Czuję się szczęściarzem, że leczył mnie Shahz Ahmed, którego chirurgiczne doświadczenie uratowało mi życie. Dzięki jego pracy jako powiernika Get A-Head, organizacji charytatywnej wspierającej osoby dotknięte nowotworami głowy i szyi, zobaczyłem również, jak organizacje takie jak ta naprawdę zmieniają świat.
Jednak Get A-Head nie jest osamotniona – w Wielkiej Brytanii działa wiele organizacji charytatywnych poświęcających się dobru pacjentów chorych na raka, od zwiększania świadomości po oferowanie praktycznego i emocjonalnego wsparcia.
Brakuje bardziej zintegrowanego podejścia. Wprowadzenie dedykowanych, holistycznych ocen w całym NHS mogłoby zapewnić każdemu pacjentowi onkologicznemu dostęp do odpowiedniego wsparcia we właściwym czasie, zapewniając wszystkim płynniejszą i bardziej empatyczną drogę.
Dziś powoli odbudowuję swoje życie. Zacząłem wracać do pracy, gdzie robię wszystko krok po kroku, i cieszę się świętami z rodziną. Ale wciąż są chwile – zwłaszcza gdy myślę o tym doświadczeniu – które przypominają mi, jak ważne jest wsparcie emocjonalne.
Choć jestem dumna z tego, jak wytrwałam w walce z rakiem, miałam wsparcie rodziny. Wielu innych nie ma tyle szczęścia i nikt nie powinien stawiać czoła tym wyzwaniom bez profesjonalnej pomocy.

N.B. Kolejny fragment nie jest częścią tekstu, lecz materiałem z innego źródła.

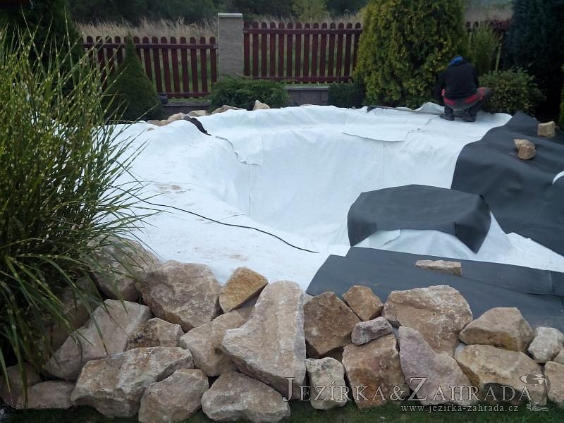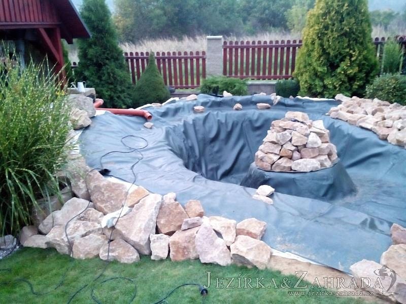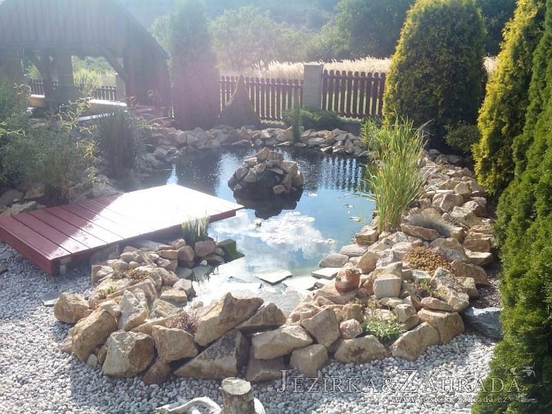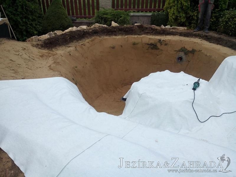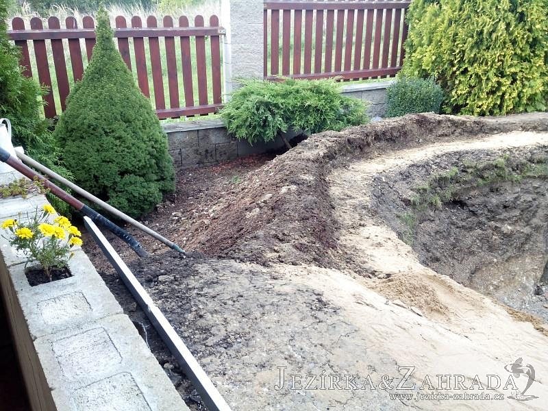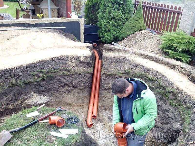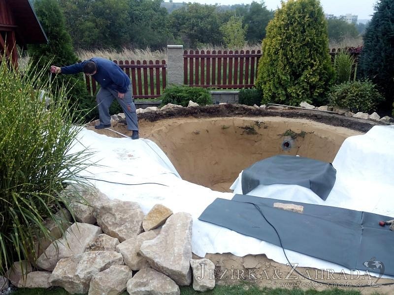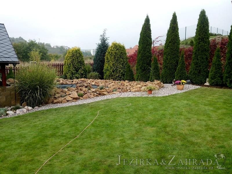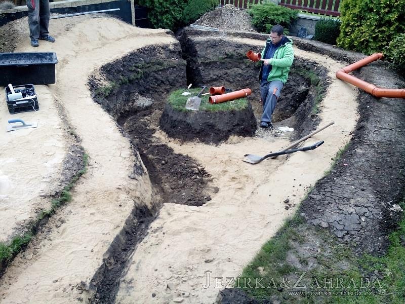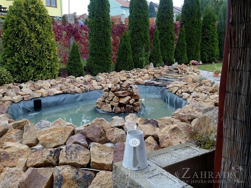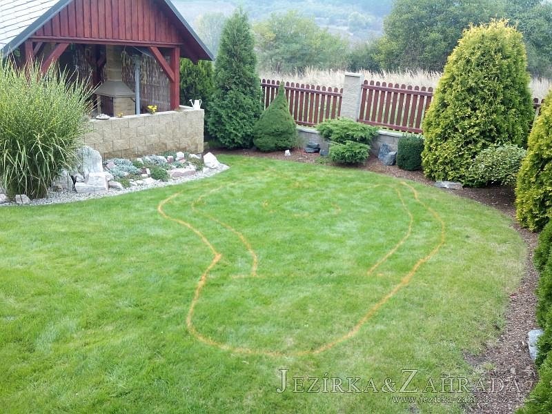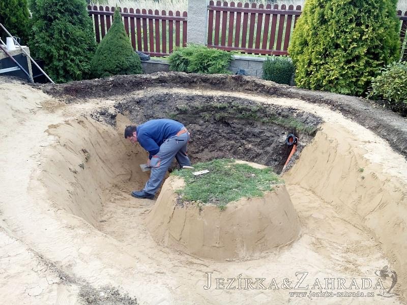 Tato realizace jezírka byla jedna z nejrychleji postavených jezírek. Zákazník se shlédl v jezírku, které máme vystavěno u naší firmy v Okružní ul. v Mostě. Ihned si sjednal schůzku s p. Studentem, kde došlo k navržení technologie a postupu prací. Odpoledne se začalo s vytíčením jezírka a následně i s výkopem. Cca. za 2 dny bylo jezírko připraveno pro položení spodní vpusti-gule, do stěny se připevnila fóliová příruba pro skimmer Oase Aquaskim Gravity. Následně se jezírko vypískovalo kopaným pískem, položila se geotextílie 500g a začalo se s pokládkou jezírkové fólie Fatra Aquaplast 805 1,5mm olivově zelené. Navržená technologie: průtokový filtr Oase BioTec 30, UV lampa Oase Bitron C 72W, čerpadlo na systém Jebao ECO-FTP 6500, čerpadlo na efekty Jebao ECO-FTP 8500, vzduchovací motor Hailea HAP-60 a osvětlovací set Oase LunAqua Classic LED set 3. Po zapojení technologie si klient dotvořil jezírko kameny a osázel květinami. Celé jezírko bylo dokončeno cca. za týden.

Kampania Daily Express jest kluczowa, ponieważ rzuca światło na luki w opiece onkologicznej. Zbyt długo zdrowie emocjonalne i psychiczne było traktowane jako drugorzędne w stosunku do powrotu do zdrowia fizycznego. Jednak dla pacjentów te elementy są ze sobą ściśle powiązane, a zajęcie się jednym bez drugiego to tylko połowa sukcesu.
Holistyczna ocena potrzeb, odzwierciedlająca osobę stojącą za diagnozą, powinna być standardowym elementem opieki dla każdego. Przeżycie raka to nie tylko pokonanie choroby – to zapewnienie pacjentom narzędzi do uzdrowienia, zarówno wewnętrznego, jak i zewnętrznego.
Zbliża się Światowy Dzień Walki z Rakiem Głowy i Szyi (27 lipca), a to najlepszy moment, aby przyłączyć się do kampanii Daily Express i podpisać powyższą petycję.